The specific alkylresorcinol mixture is preferably exemplified by a mixture containing the six alkylresorcinols described below. The inventors proved these six alkylresorcinols excellent in reducing a blood glucose level increase and effective in prevention and treatment of IGT.

- (1) An alkylresorcinol of formula (I) in which R₁is a C15 saturated or unsaturated alkyl group (hereinafter called AR15)
- (2) An alkylresorcinol of formula (I) in which R₁is a C17 saturated or unsaturated alkyl group (hereinafter called AR17)
- (3) An alkylresorcinol of formula (I) in which R₁is a C19 saturated or unsaturated alkyl group (hereinafter called AR19)
- (4) An alkylresorcinol of formula (I) in which R₁is a C21 saturated or unsaturated alkyl group (hereinafter called AR21)
- (5) An alkylresorcinol of formula (I) in which R₁is a C23 saturated or unsaturated alkyl group (hereinafter called AR23)
- (6) An alkylresorcinol of formula (I) in which R₁is a C25 saturated or unsaturated alkyl group (hereinafter called AR25)

AR15 is preferably an alkylresorcinol of formula (I) in which R₁is C15 saturated alkyl, and R₂is hydrogen, i.e., 1,3-dihydroxy-5-n-pentadecylbenzene (C15:0).

AR17 is preferably an alkylresorcinol of formula (I) in which R₁is C17 saturated alkyl, and R₂is hydrogen, i.e., 1,3-dihydroxy-5-n-heptadecylbenzene (C17:0).

AR19 is preferably an alkylresorcinol of formula (I) in which R₁is C19 saturated alkyl, and R₂is hydrogen, i.e., 1,3-dihydroxy-5-n-nonadecylbenzene (C19:0).

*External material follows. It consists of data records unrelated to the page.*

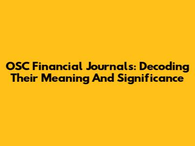 OSC Financial Journals: Decoding Their Meaning And Significance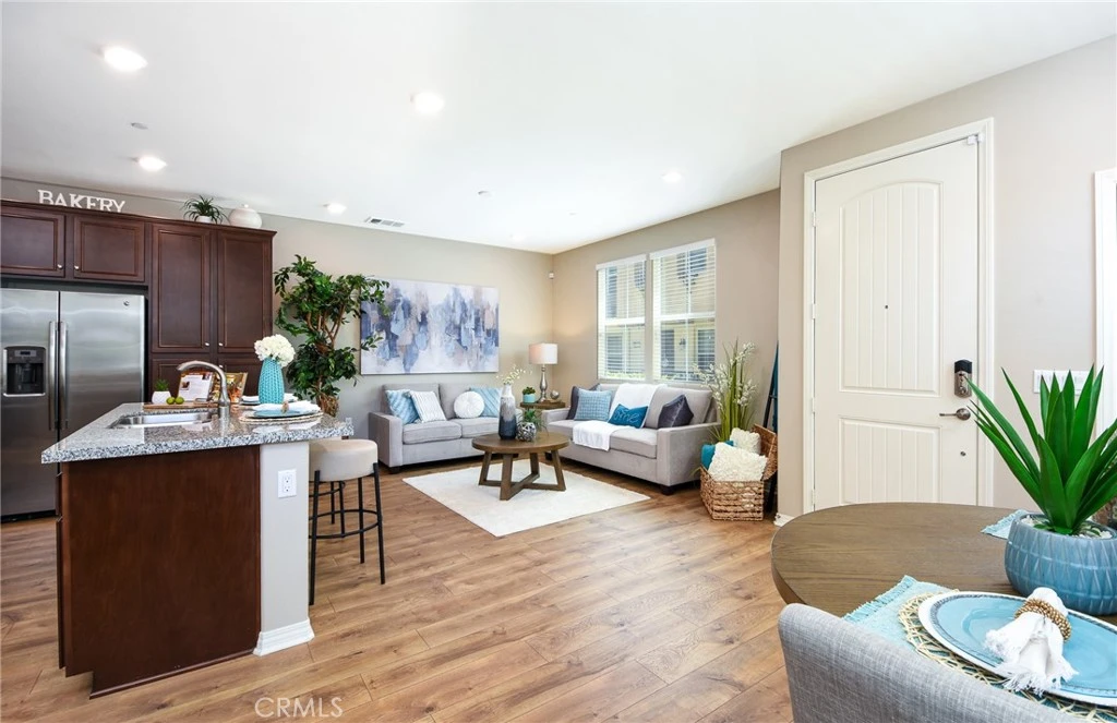 Welcome to Arroyo Vista, a resort style community in the heart of Murrieta! This is one of the most sought-after floor plans in the community. With over 1500 sq ft of luxury living space this home features 3 bedrooms 2.5 bathrooms, a HUGE loft and a 2 car attached garage. This beautiful home is an end unit located in a quiet part of the community and has an extra-large front patio that only a couple of homes have! Its a great place to BBQ and entertain friends and family! This home features luxury designer vinyl wood plank floors throughout the first floor, it carries up the staircase and into the spacious loft area upstairs. Upgraded carpet in the bedrooms. Large laundry room on the second floor for convenience. The gourmet kitchen features granite counter tops with an eat at island, SS appliance package and gorgeous espresso cabinets. Only one common wall makes this home feel like a single-family home! The community is like living at a resort with the sparkling pool and spa, tot lots and BBQ areas. See why so many people are flocking to this community.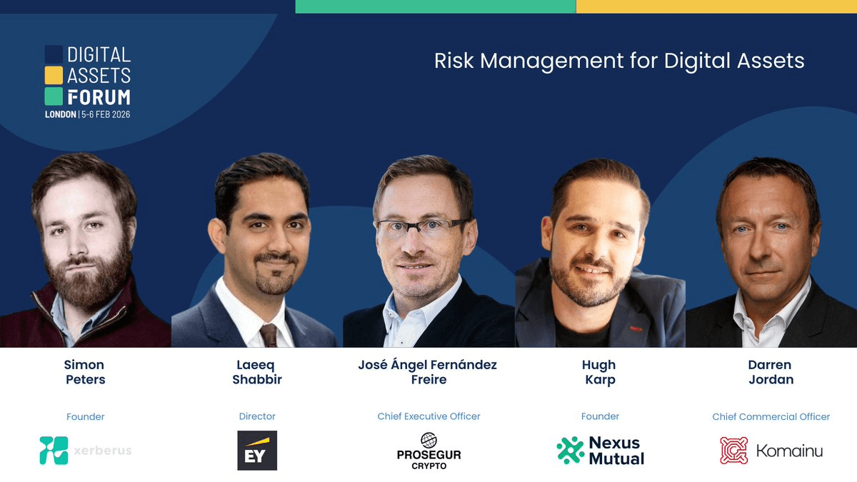 A panel discussion on risk management for digital assets is taking place at DAF Global. **Featured Speakers:** - Hugh Karp (Nexus Mutual) - Simon Peters (Xerberus) - Laeeq Shabbir (EY) - Darren Jordan (Komainu Custody) - José Ángel Fernández Freire (Prosegur Global) The panel focuses on strategies and practices needed for long-term survival in the digital asset space, covering institutional-grade risk management approaches.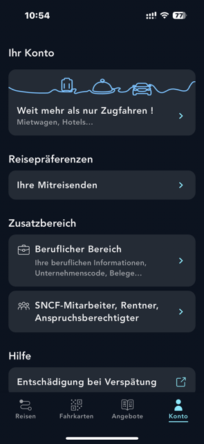 Der „Business-Bereich"" von SNCF Connect ist ein Bereich für Berufstätige, in dem Sie Ihre Geschäfts- und Privatreisen über ein einziges Kundenkonto verwalten können. Sie können Ihre Reisen leicht unterscheiden und zahlreiche Funktionen nutzen, die speziell auf die Bedürfnisse von Geschäftsreisenden und Unternehmen zugeschnitten sind.

AR21 is preferably an alkylresorcinol of formula (I) in which R₁is C21 saturated alkyl, and R₂is hydrogen, i.e., 1,3-dihydroxy-5-n-heneicocylbenzene (C21:0).

AR23 is preferably an alkylresorcinol of formula (I) in which R₁is C23 saturated alkyl, and R₂is hydrogen, i.e., 1,3-dihydroxy-5-n-tricocylbenzene (C23:0).

AR25 is preferably an alkylresorcinol of formula (I) in which R₁is C25 saturated alkyl, and R₂is hydrogen, i.e., 1,3-dihydroxy-5-n-pentacocylbenzene (C25:0).

The contents of AR15, AR17, AR19, AR21, AR23, and AR25 are preferably in the respective ranges described below with the view of effective prevention and treatment of IGT.

The content of AR15 in the specific alkylresorcinol mixture is preferably 0.1 to 10.0 mass %, more preferably 0.1 to 5.0 mass %, even more preferably 0.5 to 1.5 mass %.

The content of AR17 in the specific alkylresorcinol mixture is preferably 1.0 to 20.0 mass %, more preferably 5.0 to 15.0 mass %, even more preferably 8.0 to 12.0 mass %. The content of AR19 in the specific alkylresorcinol mixture is preferably 25.0 to 40.0 mass %, more preferably 27.5 to 37.5 mass %, even more preferably 30.0 to 35.0 mass %.

The content of AR21 in the specific alkylresorcinol mixture is preferably 40.0 to 55.0 mass %, more preferably 42.5 to 52.5 mass %, even more preferably 45.0 to 50.0 mass %.

The content of AR23 in the specific alkylresorcinol mixture is preferably 1.0 to 15.0 mass %, more preferably 2.5 to 12.5 mass %, even more preferably 5.0 to 10.0 mass %.

The content of AR25 in the specific alkylresorcinol mixture is preferably 0 to 5.0 mass %, more preferably 0 to 2.0 mass %, even more preferably 0 to 1.5 mass %.

The preferred specific alkylresorcinol mixture containing AR15, AR17, AR19,

AR21, AR23, and AR25 may further contain one or more other alkylresorcinols. The other alkylresorcinols include an alkylresorcinol of formula (I) in which R₁is C27 saturated or unsaturated alkyl (hereinafter called AR27). AR27 is preferably an alkylresorcinol of formula (I) in which R₁is C27 saturated alkyl, and R₂is hydrogen, i.e., 1,3-dihydroxy-5-n-heptacosylbenzene (C27:0).

The specific alkylresorcinol mixture may further contain an ingredient other than alkylresorcinols. The content of the other ingredient in the specific alkylresorcinol mixture is preferably not more than 30 mass %.

A preferred example of the specific alkylresorcinol mixture described above is a mixture containing 1.2 mass % 1,3-dihydroxy-5-n-pentadecylbenzene (15:0) as AR15, 10.9 mass % 1,3-dihydroxy-5-n-heptadecylbenzene (C17:0) as AR17, 33.9 mass % 1,3-dihydroxy-5-n-nonadecylbenzene (C19:0) as AR19, 46.4 mass % 1,3-dihydroxy-5-n-heneicosylbenzene (C21:0) as AR21, 7.5 mass % 1,3-dihydroxy-5-n-tricosylbenzene (C23:0) as AR23, and 0.1 mass % 1,3-dihydroxy-5-n-pentacosylbenzene (C25:0) as AR25.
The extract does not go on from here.